On 7/18/19 11:28 AM, Daniel P. Berrangé wrote:
On Thu, Jul 18, 2019 at 11:14:49AM +0200, Michal Privoznik wrote:
> If there are two paths on the list that are the same we need to
> lock it only once. Because when we try to lock it the second time
> then open() fails. And if it didn't, locking it the second time
> would fail for sure. After all, it is sufficient to lock all
> paths just once satisfy the caller.
>
> Reported-by: Daniel Henrique Barboza <danielhb413(a)gmail.com>
> Signed-off-by: Michal Privoznik <mprivozn(a)redhat.com>
> ---
> src/security/security_manager.c | 23 +++++++++++++++++++++--
> 1 file changed, 21 insertions(+), 2 deletions(-)
Reviewed-by: Daniel P. Berrangé <berrange(a)redhat.com>
>
> diff --git a/src/security/security_manager.c b/src/security/security_manager.c
> index ade2c96141..7c905f0785 100644
> --- a/src/security/security_manager.c
> +++ b/src/security/security_manager.c
> @@ -1294,16 +1294,35 @@ virSecurityManagerMetadataLock(virSecurityManagerPtr mgr
ATTRIBUTE_UNUSED,
> * paths A B and there's another that is trying to lock them
> * in reversed order a deadlock might occur. But if we sort
> * the paths alphabetically then both processes will try lock
> - * paths in the same order and thus no deadlock can occur. */
> + * paths in the same order and thus no deadlock can occur.
> + * Lastly, it makes searching for duplicate paths below
> + * simpler. */
> qsort(paths, npaths, sizeof(*paths), cmpstringp);
>
> for (i = 0; i < npaths; i++) {
> const char *p = paths[i];
> struct stat sb;
> + size_t j;
> int retries = 10 * 1000;
> int fd;
>
> - if (!p || stat(p, &sb) < 0)
> + if (!p)
> + continue;
> +
> + /* If there's a duplicate path on the list, skip it over.
> + * Not only we would fail open()-ing it the second time,
> + * we would deadlock with ourselves trying to lock it the
> + * second time. After all, we've locked it when iterating
> + * over it the first time. */
Presumably this deals with the problem at cold boot. Is it possible
to hit the same problem when we have cold plugged one device and
then later try to hotplug another device using the same resource,
or do the SRIOV assignment grouping requirements make the hotplug
impossible ?
Okay, so digging deeper I think I know what the problem is.

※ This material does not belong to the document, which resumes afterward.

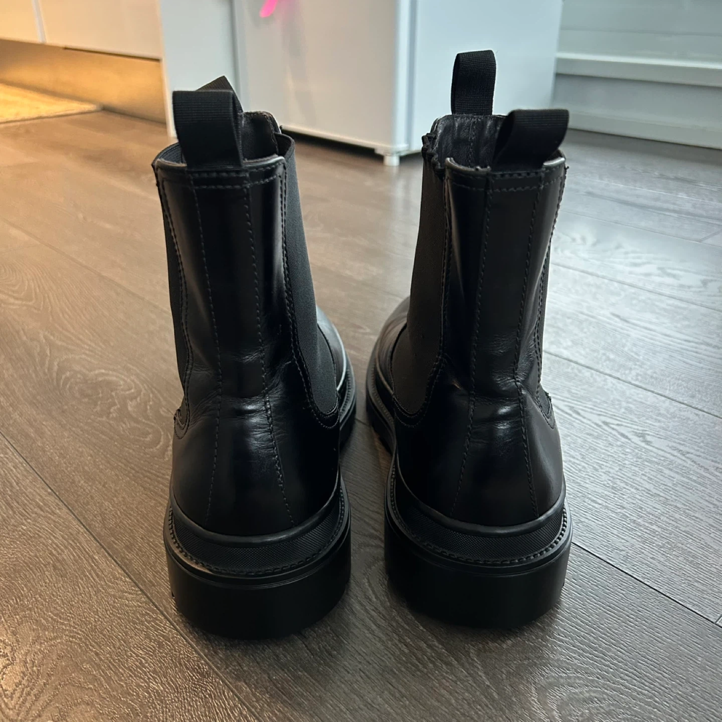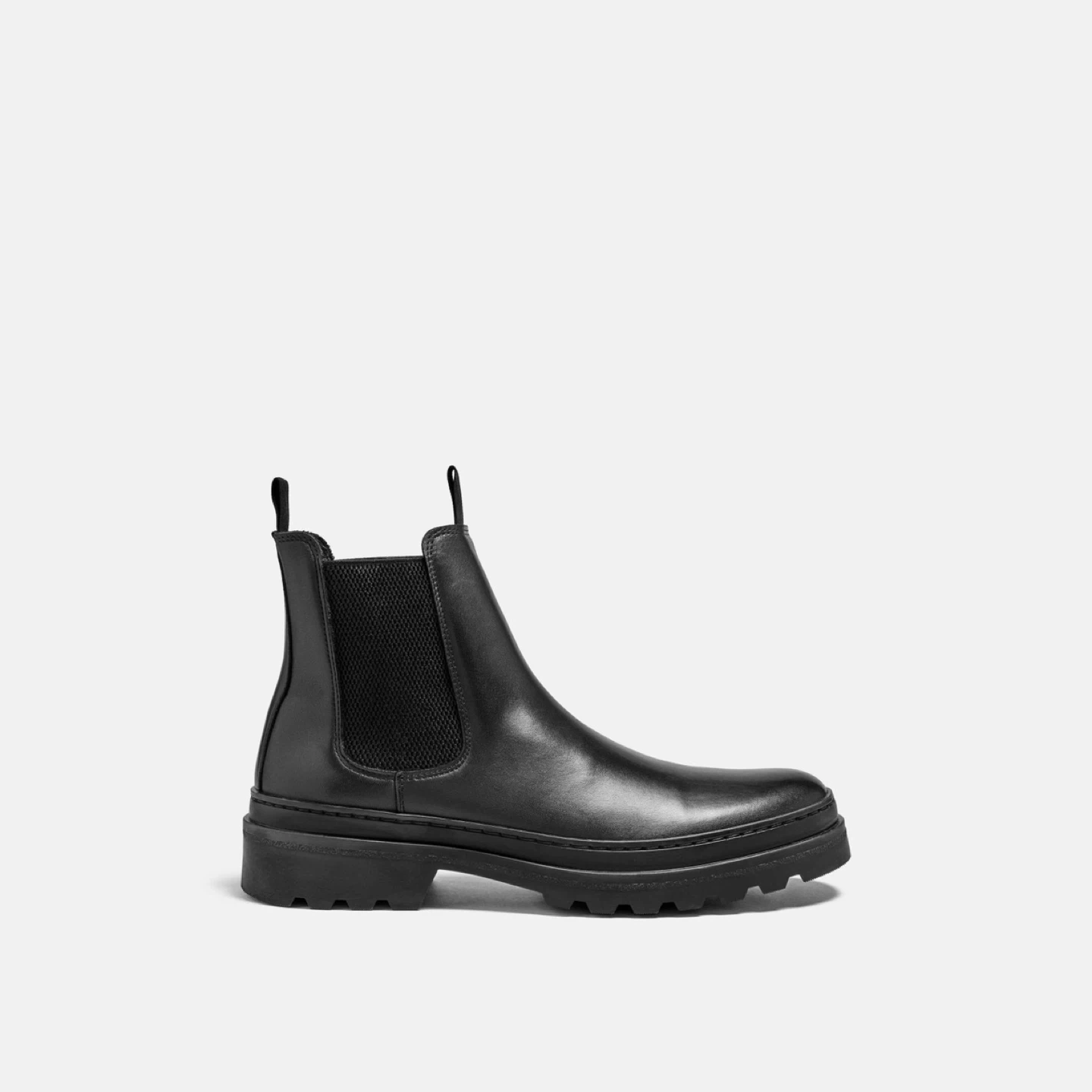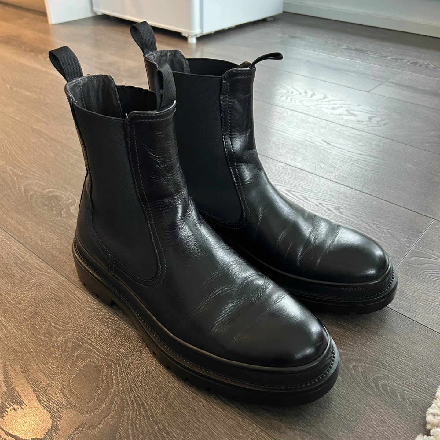 Classic black leather Chelsea boots from the brand MINELLI Paris. Features elastic side panels and a chunky lug sole. These boots are made of leather with a rubber sole.

In general,
it is of course possible to open a file multiple times, but that is not
true for "/dev/vfio/N" which can be opened exactly one time. Indeed,
looking into vfio_group_fops_open() in kernel.git/drivers/vfio/vfio.c if
a group is already opened, then -EBUSY is returned (what we've seen in
the error message). In fact, git log blames v3.11-rc1~46^2~1 which
explicitly disallowed multiple open()-s.
So, in theory, our code works, because we open() the files we are
chown()-ing and close them immediatelly after. So the problem in which
we try to lock /dev/vfio/N multiple times won't happen. However, since
qemu already has the device opened, we will fail opening it.

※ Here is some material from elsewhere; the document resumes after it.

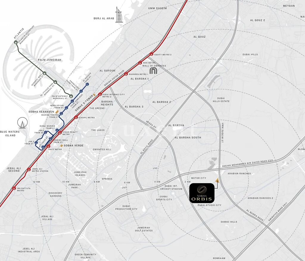 Sobha Orbis je strategicky umístěn jen pár minut od ulic Mohammed bin Zayed a Quadra Road, což obyvatelům umožňuje snadný přístup k hlavním atrakcím Dubaje, jako jsou Dubai Mall nebo Burj Khalifa. Do populární části Downtown Dubai dojedete za 22 minut, do Dubai Mariny za 16 minut a na mezinárodní letiště v Dubaji dorazíte za pouhých 25 minut. V blízkosti rezidence najdete také mezinárodní školu GEMS Metropole School.

I can see two options here:
1) ignore this specific error in virSecurityManagerMetadataLock(). This
will of course mean that the caller (virSecurityDACTransactionRun())
will chown() the /dev/vfio/N file without a lock, but then again, we
have namespaces and there can't be any other domain using the path. And
also, we don't really chown() if the file already has the correct owner
- which is going to be 99.99% cases unless there would be different
seclabels for two PCI devices (do we even allow <seclabel/> for
<hostdev/>?).
2) Make virSecurityDACSetHostdevLabel() and
virSecurityDACRestoreHostdevLabel() be NO-OP if a domain already/still
has a device from the same IOMMU group like the one we're
attaching/detaching. If these are NO-OPs then no relabel is done and
thus the whole code I'm modifying in 1) is not even called.
I have a preference for 1) because the code will be cleaner IMO.
Michal